Goodbye, 2011. Great to Finally Meet You, 2012.

I just hung up my new 2012 kitchen wall calendar and deposited the 2011 edition into the recycling bin. I have to say—I am not sorry to see 2011 go.

It’s not that it has been a bad year; for the most part, it moved along just fine. When I look back, I’m incredibly grateful for the health of my kids and family and a good year of fishing and safety for George and the crew. We had a couple of fun trips; Las Vegas in March and Kauai in April, and plans to start making vacations a more regular part of our routine after not taking any for years.

But then I remember the way our beloved pitbull, Toby, died suddenly last April (the day before we left on our first family vacation in five years) after successfully and healthily beating a cancer diagnosis for three years. George left for Alaska and the halibut/blackcod longlining season soon after, and then shortly after that, I discovered we were unexpectedly expecting again.

Pregnancy sickness lasted throughout the summer, fall, and now into winter, making the challenge of being a seasonally single commercial fishing mom much more difficult than it really needs to be.
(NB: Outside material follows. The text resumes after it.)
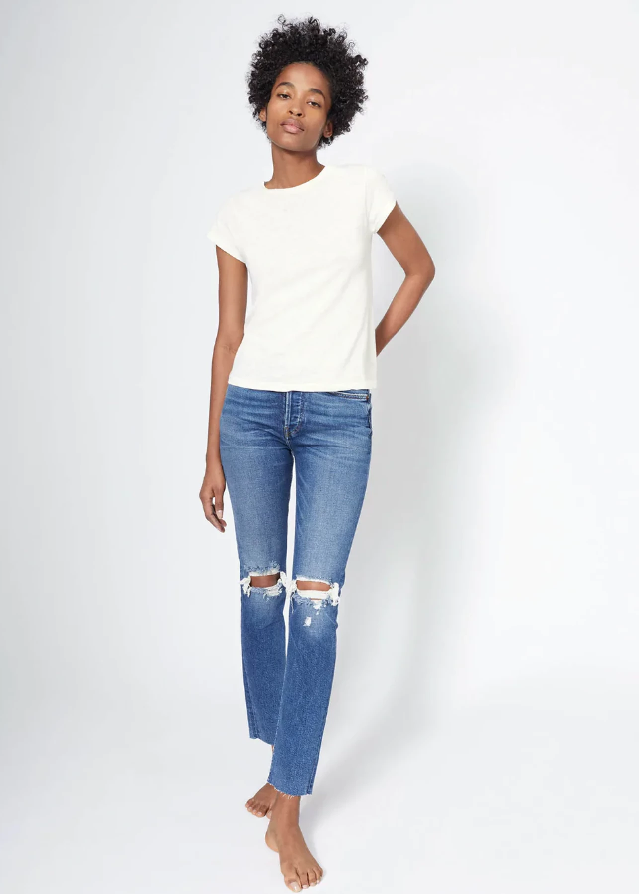 The RE/DONE 60s Slim Tee is a classic crew neck tee with a slim body that has the look of a vintage tee shirt that has been washed and worn hundreds of times. The 60s Slim tee shirts are made of 100% combed cotton, developed exclusively by RE/DONE, knitted, and sewn entirely in the USA.

I have to say that after dealing with a variety of doctors, various medical offices and front desk staff, nurses, opinions, test results, and appointments for the past nine months, I would be happy to never, ever have to step foot in an office or deal with anyone in the medical profession ever again. I plan to write a much longer essay on the topic later, after I’ve had some distance and can gain perspective on this experience, but for now, all I can think is that I want this to be over.

The good news is that in eighteen days (if not sooner), it will be. Assuming all goes well with delivery and the first few months with baby at home, I will so grateful to have my life, my body, and my peace of mind back.

On the other hand, I now have a better appreciation and empathy for patients who struggle with chronic illness, who are told they have medical issues, troubles that can’t be diagnosed or treated effectively, who are not listened to or treated well by the medical profession, and who must attend appointment after appointment and try to stay pleasant all the while.

I’ve written before that after struggling with the physical, mental, and emotional effects of infertility before we were blessed with our Eva and Vincent, I never dreamed I would have a third baby years later. I also never imagined that after such a wonderful experience with the one doctor who saw me through those first two amazing pregnancies, this final surprise would be so different.

I’m going to spend these last two weeks trying to stay calm, looking forward to delivery, and then getting on with caring for a newborn and my two other children and letting the experience of the past nine months fade away in time.

Moving forward and beyond is something I love to do, and I’m excited and eager to make 2012 a great year.

So, we’ll have this baby girl in January, and then in the spring I will be launching my first e-book right here on this blog and via Kindle and other e-reader formats. Details on the e-book will come in the following months, but I am extremely excited about this new project. The book is currently in design and editing stages and I know it will be something I’m proud of and that many of my readers will find useful.

Speaking of blog readers; thank you to all for making 2011 a record year on Highliners and Homecomings. It’s been fun reviewing blog statistics, reading your comments, keeping an eye on subscriptions, seeing which posts get the most “hits” and which pictures get clicked on the most, reviewing where traffic is coming from and watching numbers rise.

As we head into the fifth year, I want to sincerely thank you so much for the support and the time you take to come over and see or read what’s new.

The best to you as we start this new year—health and happiness to all.